In the entries below, copy only the lines from the one that contains "Mit dem Anstieg" through the last line, exactly, and omit any pictures.

_____

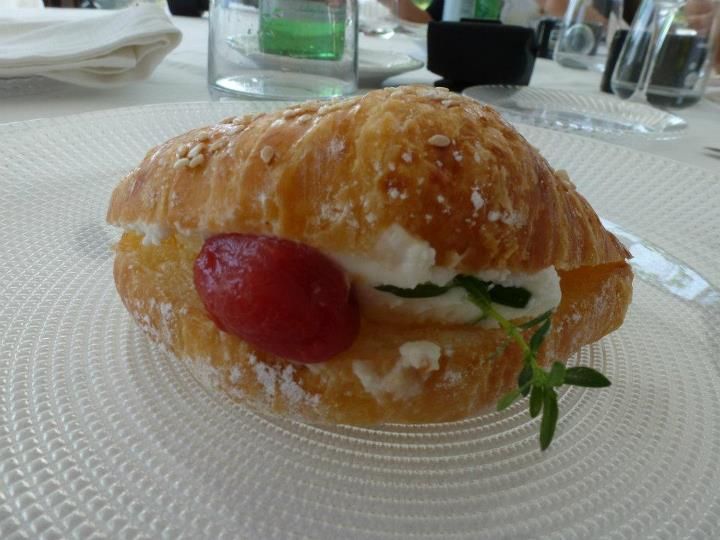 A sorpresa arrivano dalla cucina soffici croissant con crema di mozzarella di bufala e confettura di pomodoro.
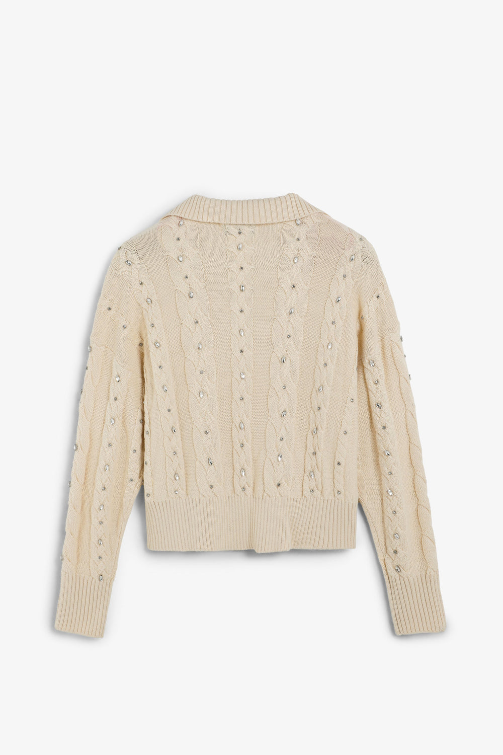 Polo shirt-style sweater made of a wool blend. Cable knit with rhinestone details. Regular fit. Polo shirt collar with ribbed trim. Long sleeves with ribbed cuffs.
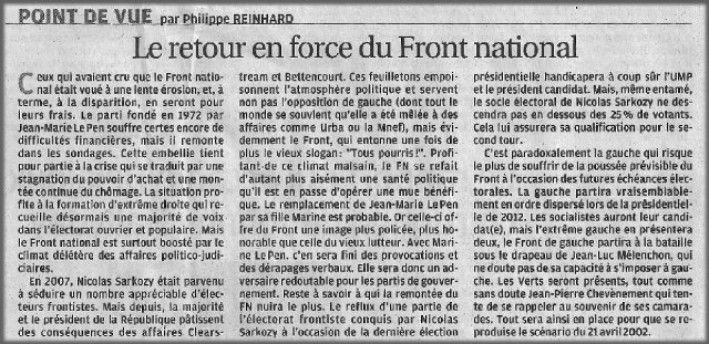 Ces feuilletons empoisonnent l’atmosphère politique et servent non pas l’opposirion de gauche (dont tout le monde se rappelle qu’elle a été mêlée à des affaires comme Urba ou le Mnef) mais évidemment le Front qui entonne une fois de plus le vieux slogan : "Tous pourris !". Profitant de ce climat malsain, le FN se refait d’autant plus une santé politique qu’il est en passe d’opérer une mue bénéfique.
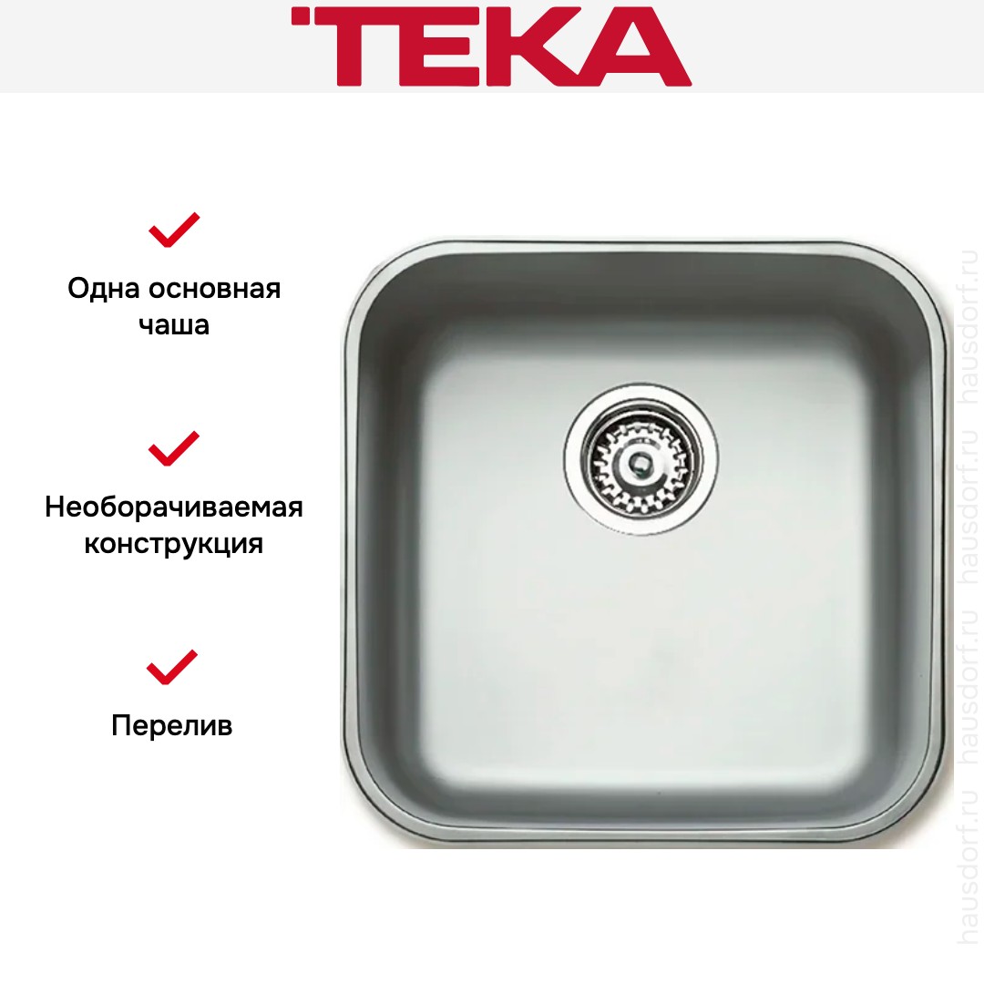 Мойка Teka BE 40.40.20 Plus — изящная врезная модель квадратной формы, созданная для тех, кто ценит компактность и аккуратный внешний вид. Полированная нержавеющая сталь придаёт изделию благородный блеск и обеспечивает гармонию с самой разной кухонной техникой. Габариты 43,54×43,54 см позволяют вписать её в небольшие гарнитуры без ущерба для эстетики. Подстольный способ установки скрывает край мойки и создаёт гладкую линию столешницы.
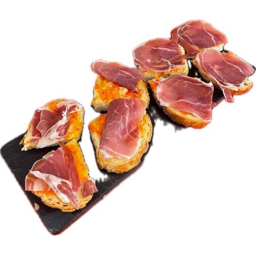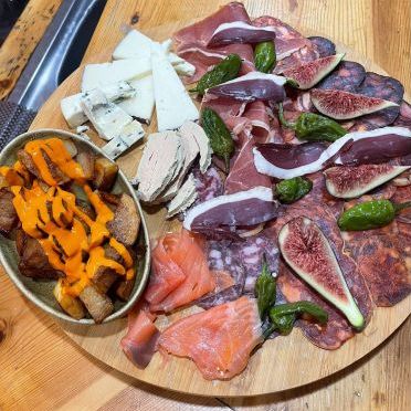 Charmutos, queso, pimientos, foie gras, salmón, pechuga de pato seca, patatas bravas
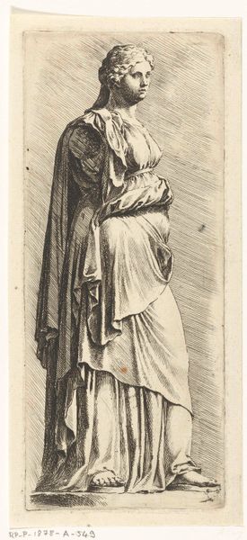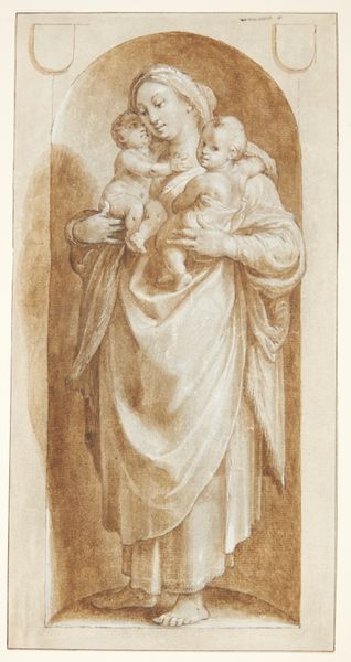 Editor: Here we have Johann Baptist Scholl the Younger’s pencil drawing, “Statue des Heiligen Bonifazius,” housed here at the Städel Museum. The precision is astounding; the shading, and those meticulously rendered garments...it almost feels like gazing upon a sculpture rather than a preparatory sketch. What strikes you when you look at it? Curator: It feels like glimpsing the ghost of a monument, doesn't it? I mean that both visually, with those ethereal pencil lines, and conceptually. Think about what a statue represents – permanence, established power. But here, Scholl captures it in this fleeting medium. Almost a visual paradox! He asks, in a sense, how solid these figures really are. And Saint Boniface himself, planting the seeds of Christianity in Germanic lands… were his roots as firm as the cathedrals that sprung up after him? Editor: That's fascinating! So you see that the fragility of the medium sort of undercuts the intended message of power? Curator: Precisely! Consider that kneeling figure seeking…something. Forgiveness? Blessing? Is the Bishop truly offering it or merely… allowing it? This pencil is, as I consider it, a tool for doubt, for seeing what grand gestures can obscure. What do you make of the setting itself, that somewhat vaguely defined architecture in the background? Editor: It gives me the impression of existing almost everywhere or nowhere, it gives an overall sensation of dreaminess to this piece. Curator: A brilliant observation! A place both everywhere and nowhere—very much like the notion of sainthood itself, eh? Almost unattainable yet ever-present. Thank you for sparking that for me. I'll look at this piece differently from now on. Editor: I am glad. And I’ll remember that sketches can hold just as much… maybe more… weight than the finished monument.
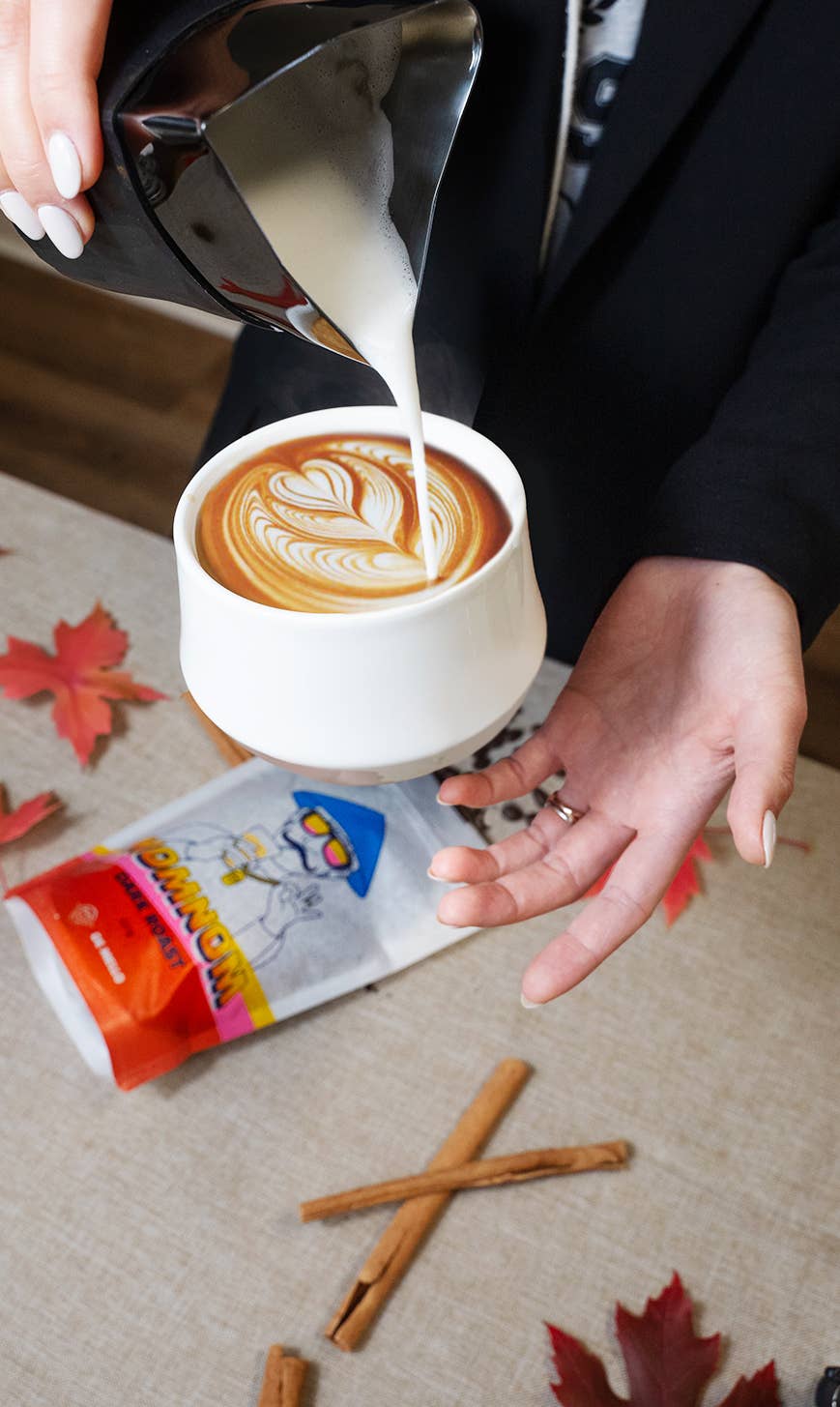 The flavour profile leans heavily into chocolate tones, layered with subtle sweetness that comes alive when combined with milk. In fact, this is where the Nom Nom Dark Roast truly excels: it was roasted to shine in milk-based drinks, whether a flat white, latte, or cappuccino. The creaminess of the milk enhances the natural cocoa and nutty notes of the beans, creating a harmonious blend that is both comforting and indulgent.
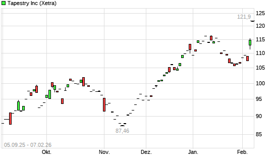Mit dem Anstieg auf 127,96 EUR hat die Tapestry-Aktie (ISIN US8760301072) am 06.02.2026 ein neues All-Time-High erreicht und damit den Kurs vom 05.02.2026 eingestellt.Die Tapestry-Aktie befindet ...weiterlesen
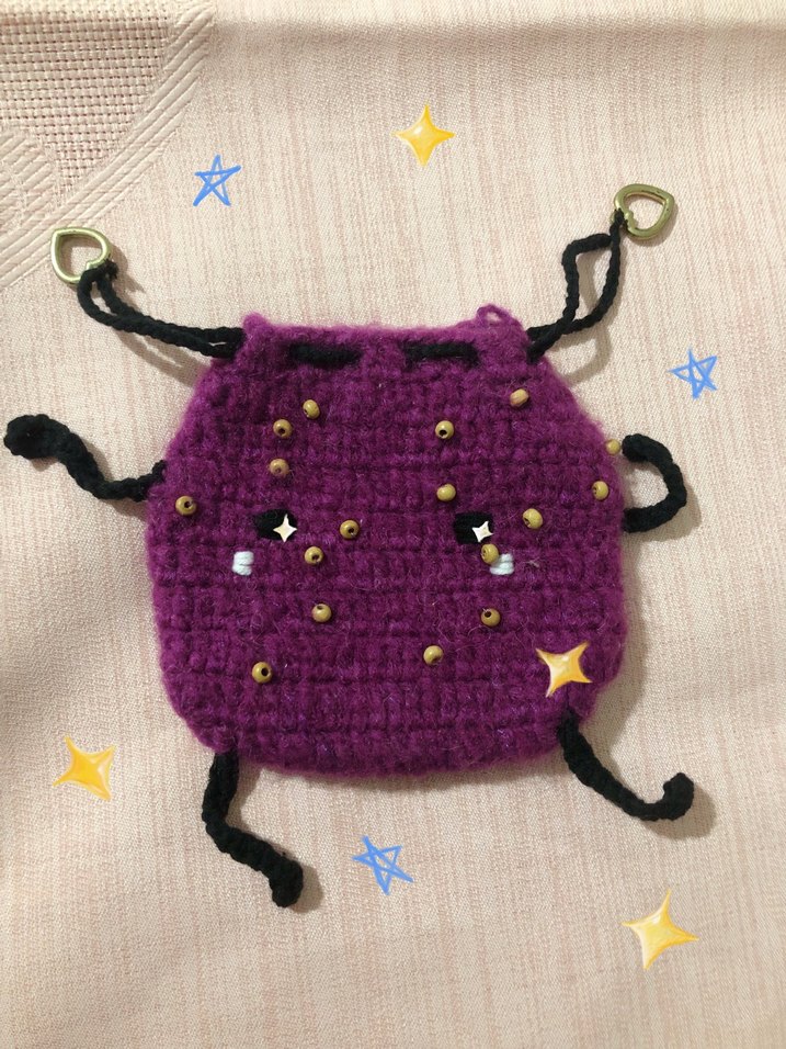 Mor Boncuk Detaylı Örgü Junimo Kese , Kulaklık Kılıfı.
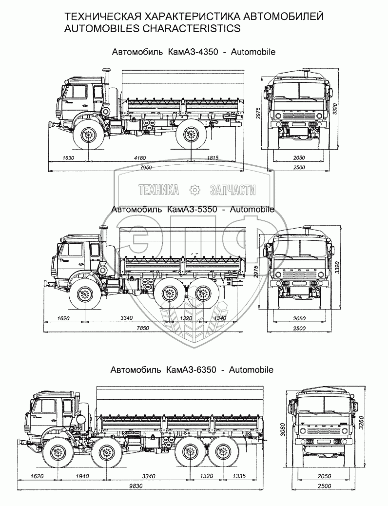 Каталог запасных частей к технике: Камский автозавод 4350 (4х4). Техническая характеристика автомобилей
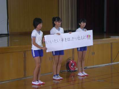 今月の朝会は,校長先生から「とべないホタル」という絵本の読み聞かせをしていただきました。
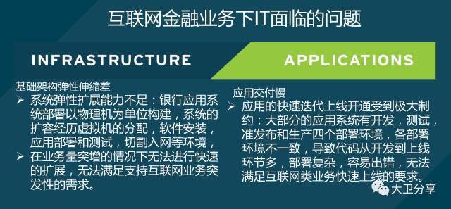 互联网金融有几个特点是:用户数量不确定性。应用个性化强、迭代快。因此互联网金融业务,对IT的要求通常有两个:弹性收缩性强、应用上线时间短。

_____

ANSWER TO THIS TASK:
Mit dem Anstieg auf 127,96 EUR hat die Tapestry-Aktie (ISIN US8760301072) am 06.02.2026 ein neues All-Time-High erreicht und damit den Kurs vom 05.02.2026 eingestellt.Die Tapestry-Aktie befindet ...weiterlesen
 Mor Boncuk Detaylı Örgü Junimo Kese , Kulaklık Kılıfı.
 Каталог запасных частей к технике: Камский автозавод 4350 (4х4). Техническая характеристика автомобилей
 今月の朝会は,校長先生から「とべないホタル」という絵本の読み聞かせをしていただきました。
 互联网金融有几个特点是:用户数量不确定性。应用个性化强、迭代快。因此互联网金融业务,对IT的要求通常有两个:弹性收缩性强、应用上线时间短。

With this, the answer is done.